This is notice, in accordance with 35 U.S.C. 209 and 37 CFR 404, that the National Institutes of Health (NIH), Department of Health and Human Services (HHS), is contemplating the grant of an exclusive license, to practice the inventions embodied in the following patent applications:

1. U.S. Provisional Patent Application No. 61/307,233, filed 23 February 2010

HHS Ref. No.: E-023-2010/0-US-01

Titled: Biomarkers for Acute Ischemic Stroke

2. PCT Patent Application No. PCT/US2011/025748, filed 22 February 2011

HHS Ref. No.: E-023-2010/0-PCT-02

Titled: Biomarkers for Acute Ischemic Stroke

3. U.S. Patent Application No. 13/580,571, filed 22 August 2012

HHS Ref. No.: E-023-2010/0-US-03

Titled: Biomarkers for Acute Ischemic Stroke

to VuEssence, Inc., a company incorporated under the laws of the State of Florida having its headquarters in Start Printed Page 28634Odessa, Florida. The patent rights in these inventions have been assigned to the United States of America.

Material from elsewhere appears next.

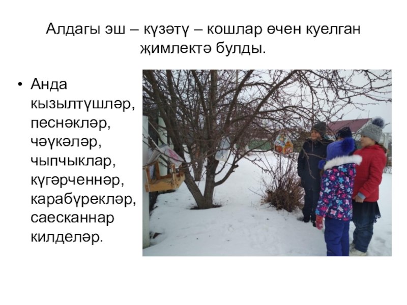 3) Кошлар өчен җимлекләр ясап куярга, анда һәрвакыт җим булуын күзәтеп торырга!
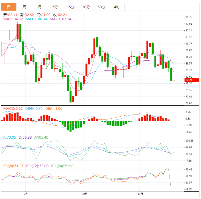支撑位:83.8 81.42 79.28

Only written comments and/or applications for a license received by the NIH Office of Technology Transfer on or before June 18, 2015 will be considered.


Requests for a copy of the patent applications, inquiries, comments and other materials relating to the contemplated license should be directed to: Jaime M. Greene, M.S., Office of Technology Transfer, National Institutes of Health, 6011 Executive Boulevard, Suite 325, Rockville, MD 20852-3804; Telephone: (301) 435-5559; Email:; Facsimile: (301) 402-0220. A signed confidentiality nondisclosure agreement will be required to receive copies of any patent applications that have not been published or issued by the United States Patent and Trademark Office or the World Intellectual Property Organization.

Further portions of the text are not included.